Collected data
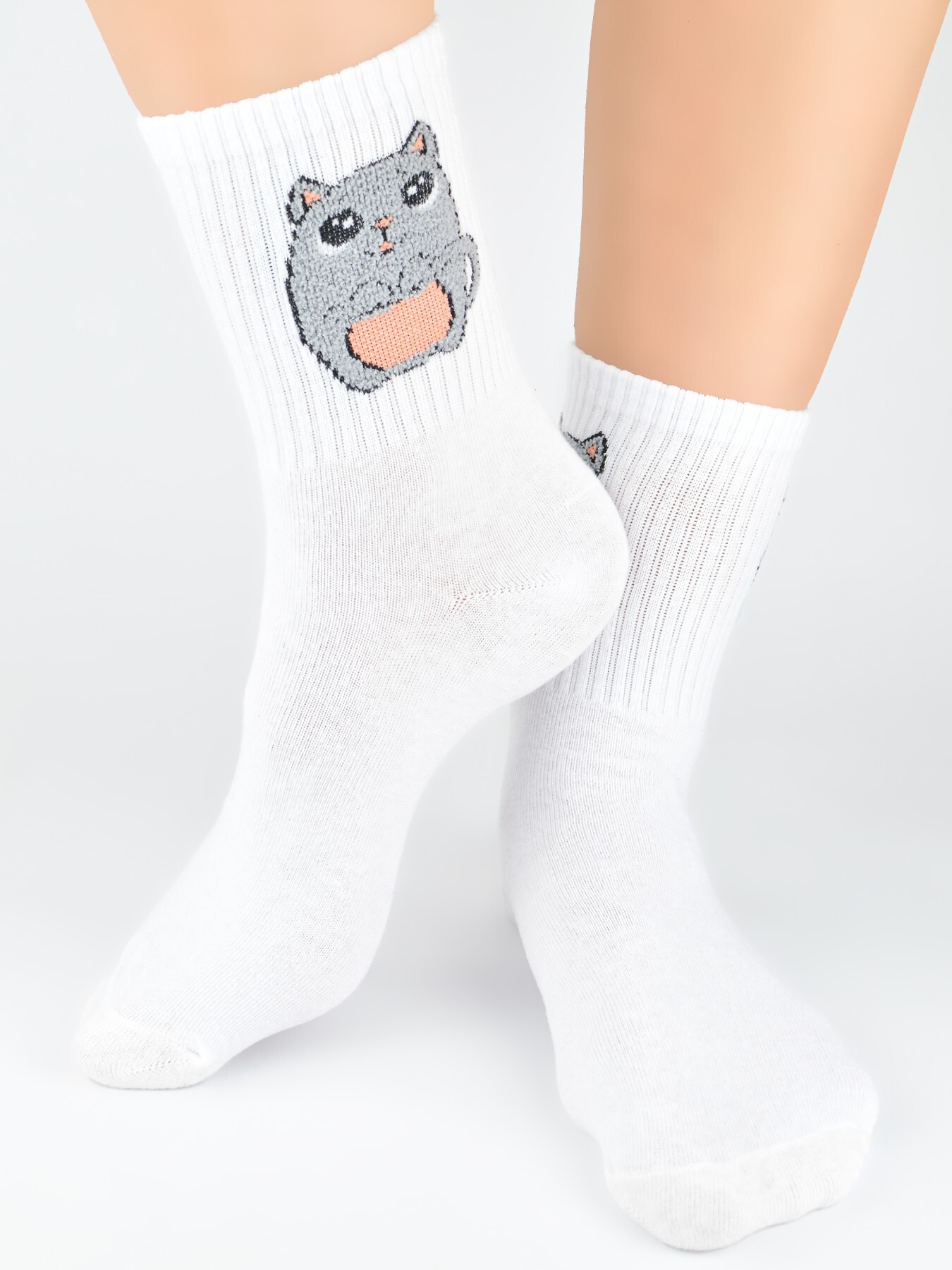 Dámske ponožky - rebrovaný zvršok - farebný vzor myši - ploché švy - netlačiaci sa lem Zloženie: 75 % bavlna, 19 % polyamid, 6 % elastan
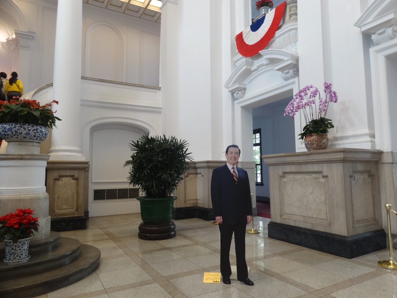 一階には様々な展示、10年近く前みた時とはずいぶん内容が変わっていました。日本統治終了後の台湾の歩みに重きをおいた内容です。総統府の建物についてと、ソウルの「青瓦台サランチェ」みたいになった歴代総統についての展示は以前より分かりやすくてとても良かった。現職の馬総統のアピール的掲示は政治的意図?うーん微妙‥。参観紀念品販売も行われていました。
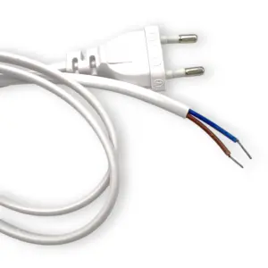 Almindelig hvid flad 230V ledning på 1,8 meter med stikprop og LED lysdæmper til dæmpbare LED pærer og LED drivere.
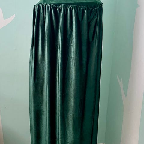 En ljusgrön/grå sänghimmel i tungt ljockt sammests liknande tyg. Knappt använd.
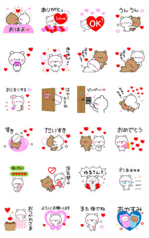 アモーレ♡くまくまシリーズ。ラブラブなカップルで使えるポップアップスタンプ。こちらは彼女、奥さん専用です。彼氏、旦那さん専用もあります。
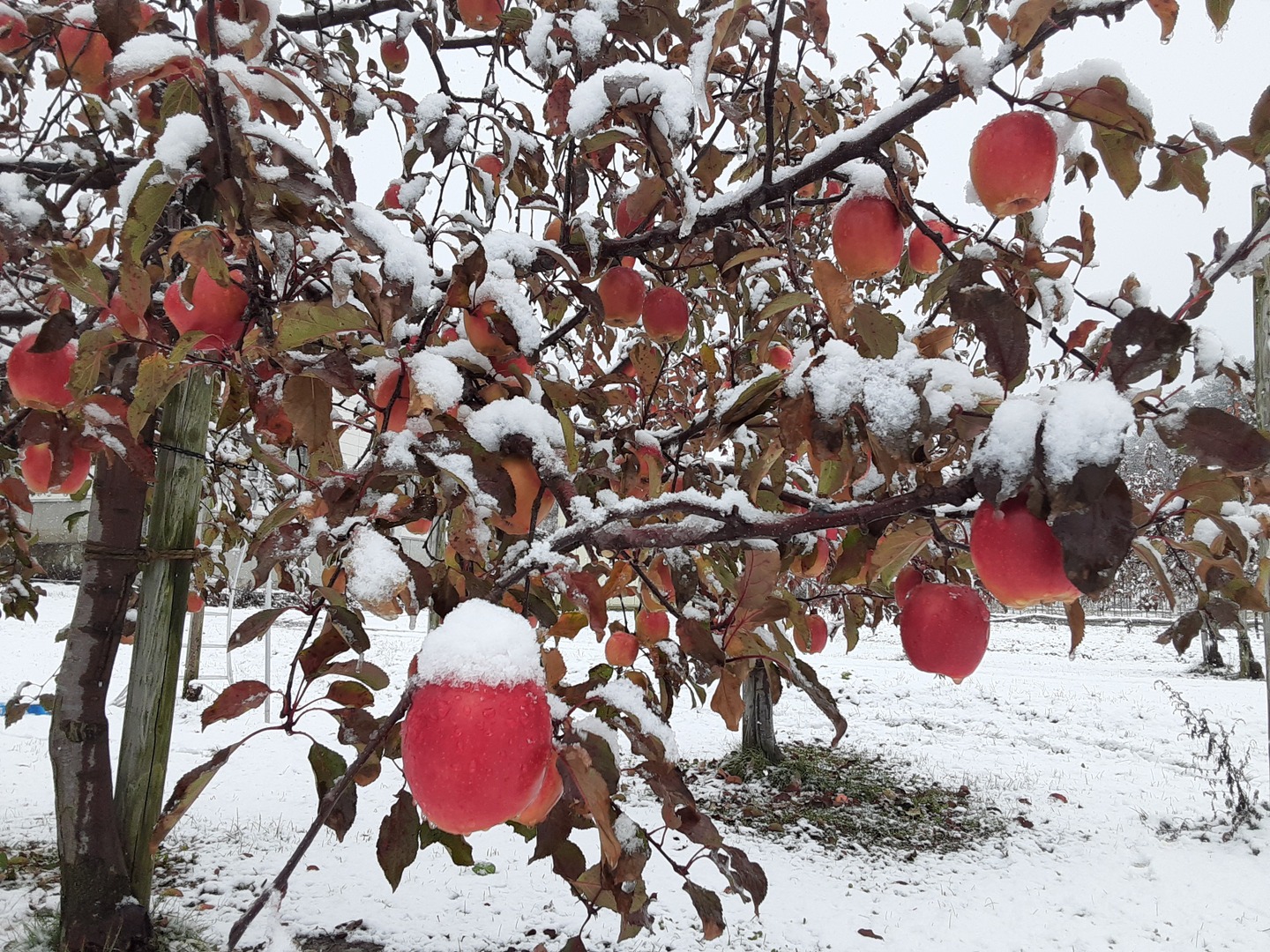②:豪雪に乗られても落ちなかった忍耐強いりんごを3個
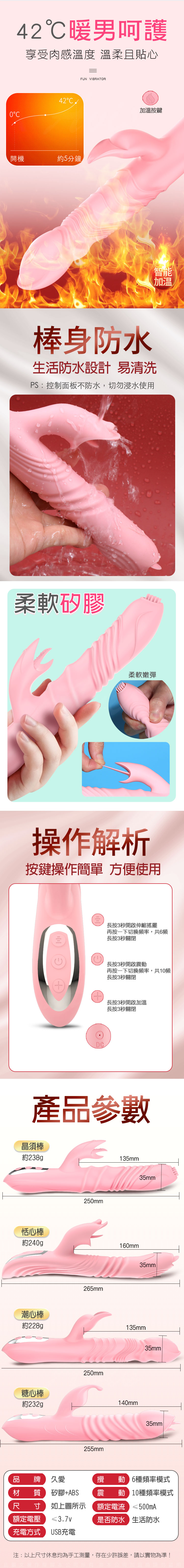 商品名稱:久愛-晶須棒 觸鬚 10頻震動 舌舔加溫按摩棒
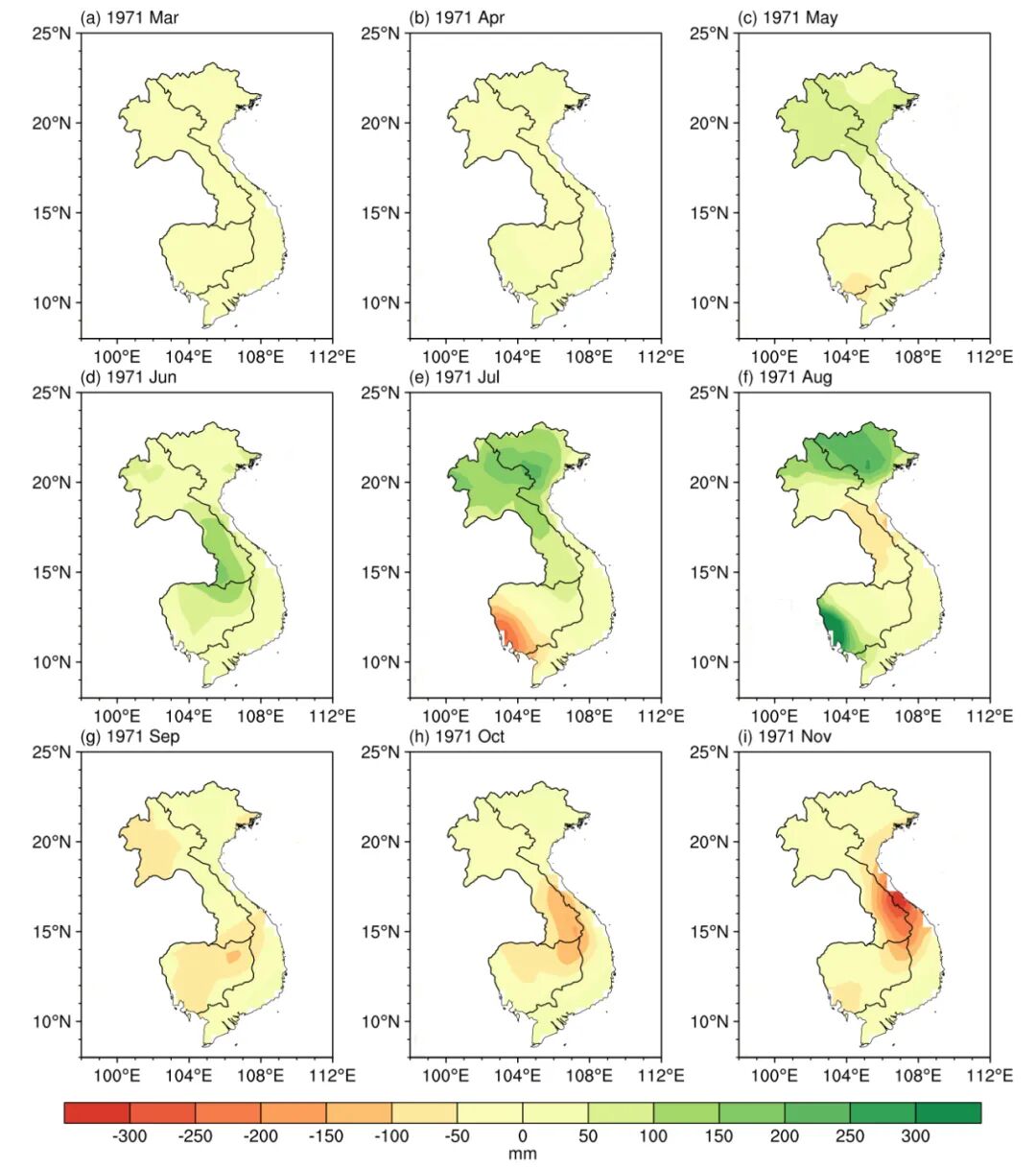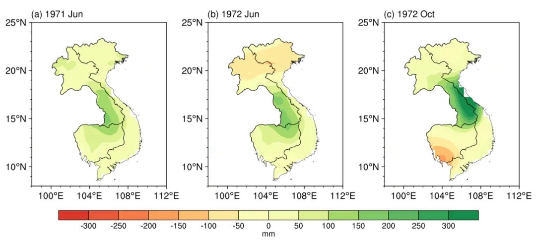 再来看看解密材料中军方提到1971年6月的例子。从1971-1972年期间雨季的逐月降水异常(图10d,11d,12a-b)可以看到该月的确降水偏多,但强度并不突出。且6月2-9日还有台风活动,很难说这一降水异常是由人工降雨还是自然变化导致的。而纵观1971-1972年的降水变化,事实上异常最强的月份是1972年10月,较历史同期偏多达300毫米,但美军的“大力水手”早已于同年7月悄然结束。

Activity = I'd like the data above duplicated exactly, with no pictures included.

Completed exercise =
 Dámske ponožky - rebrovaný zvršok - farebný vzor myši - ploché švy - netlačiaci sa lem Zloženie: 75 % bavlna, 19 % polyamid, 6 % elastan
 一階には様々な展示、10年近く前みた時とはずいぶん内容が変わっていました。日本統治終了後の台湾の歩みに重きをおいた内容です。総統府の建物についてと、ソウルの「青瓦台サランチェ」みたいになった歴代総統についての展示は以前より分かりやすくてとても良かった。現職の馬総統のアピール的掲示は政治的意図?うーん微妙‥。参観紀念品販売も行われていました。
 Almindelig hvid flad 230V ledning på 1,8 meter med stikprop og LED lysdæmper til dæmpbare LED pærer og LED drivere.
 En ljusgrön/grå sänghimmel i tungt ljockt sammests liknande tyg. Knappt använd.
 アモーレ♡くまくまシリーズ。ラブラブなカップルで使えるポップアップスタンプ。こちらは彼女、奥さん専用です。彼氏、旦那さん専用もあります。
②:豪雪に乗られても落ちなかった忍耐強いりんごを3個
 商品名稱:久愛-晶須棒 觸鬚 10頻震動 舌舔加溫按摩棒
 再来看看解密材料中军方提到1971年6月的例子。从1971-1972年期间雨季的逐月降水异常(图10d,11d,12a-b)可以看到该月的确降水偏多,但强度并不突出。且6月2-9日还有台风活动,很难说这一降水异常是由人工降雨还是自然变化导致的。而纵观1971-1972年的降水变化,事实上异常最强的月份是1972年10月,较历史同期偏多达300毫米,但美军的“大力水手”早已于同年7月悄然结束。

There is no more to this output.